# Symptomatic Pelvic Organ Prolapse and Self-Rated Health, One Year After Childbirth: A Swedish Nationwide Register Study

**Authors:** Maria Mirskaya, Anna Isaksson, Eva-Carin Lindgren, Ing-Marie Carlsson

PMC · DOI: 10.1007/s00192-025-06322-8 · International Urogynecology Journal · 2025-09-29

## TL;DR

Women with pelvic organ prolapse after childbirth report worse health one year later compared to those without the condition.

## Contribution

This study identifies a significant association between symptomatic pelvic organ prolapse and poor self-rated health in women one year post-childbirth.

## Key findings

- Women with sPOP were 55.7% more likely to report poor self-rated health one year after childbirth.
- Low education, urinary incontinence, fecal incontinence, and pre-pregnancy poor health were also linked to poor self-rated health.
- sPOP is highlighted as a public health concern affecting women's long-term health outcomes.

## Abstract

Pelvic organ prolapse (POP) is a complication of childbirth that may impair the overall health of women. We hypothesized that women with symptomatic pelvic organ prolapse (sPOP) would rate their health lower than women without sPOP 1 year after childbirth.

The Swedish National Pregnancy Register, and the Pregnancy Survey were merged and searched for women with data on self-rated health and POP 1 year after childbirth. The women (n = 43,082), who answered these validated questions in the Pregnancy Survey between December 2022 and October 2024 comprised our study population, of which 40,392 were included in the final analysis. Analysis was performed using descriptive statistics and a binary logistic regression model to estimate the associations between self-rated health and sPOP 1 year after childbirth.

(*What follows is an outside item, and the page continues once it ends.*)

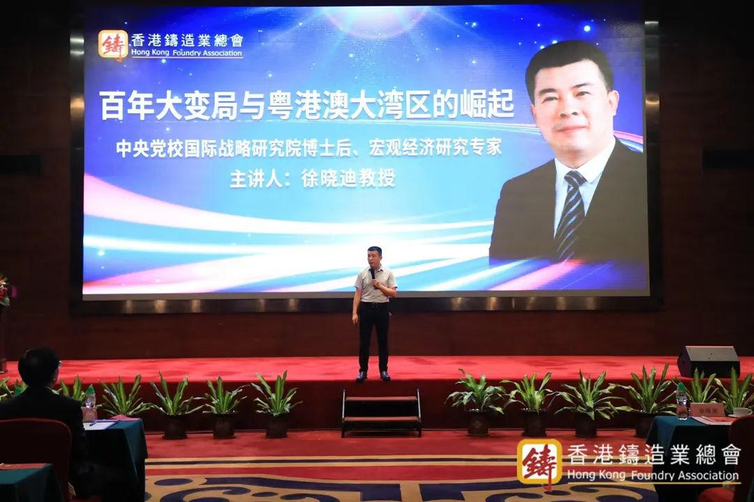 中央黨校國際戰略研究院、宏觀經濟研究專家徐曉迪教授作報告 在香港鑄造業總會2022年會員代表大會正式開始之前,主辦單位還邀請了中央黨校國際戰略研究院、宏觀經濟研究專家徐曉迪教授以《百年大變局與粵港澳大灣區的崛起》為題,分享了當今世界處于百年未有之大變局,在國際力量對比發生深刻變化,國家面臨的挑戰與風險更為復雜的情況下,粵港澳大灣區經濟的崛起之路。 |

In total, 5704 (13.2%) participants reported sPOP; 1617 (28.3%) women with sPOP and 6669 (17.8%) women without sPOP rated their health as poor. sPOP was associated with poor self-rated health 1 year after childbirth (OR 1.557, 95% CI 1.453–1.669). Additionally, the following covariates: low education, urinary incontinence, fecal incontinence, and poor self-rated health before pregnancy were also associated with poor self-rated health 1 year after childbirth.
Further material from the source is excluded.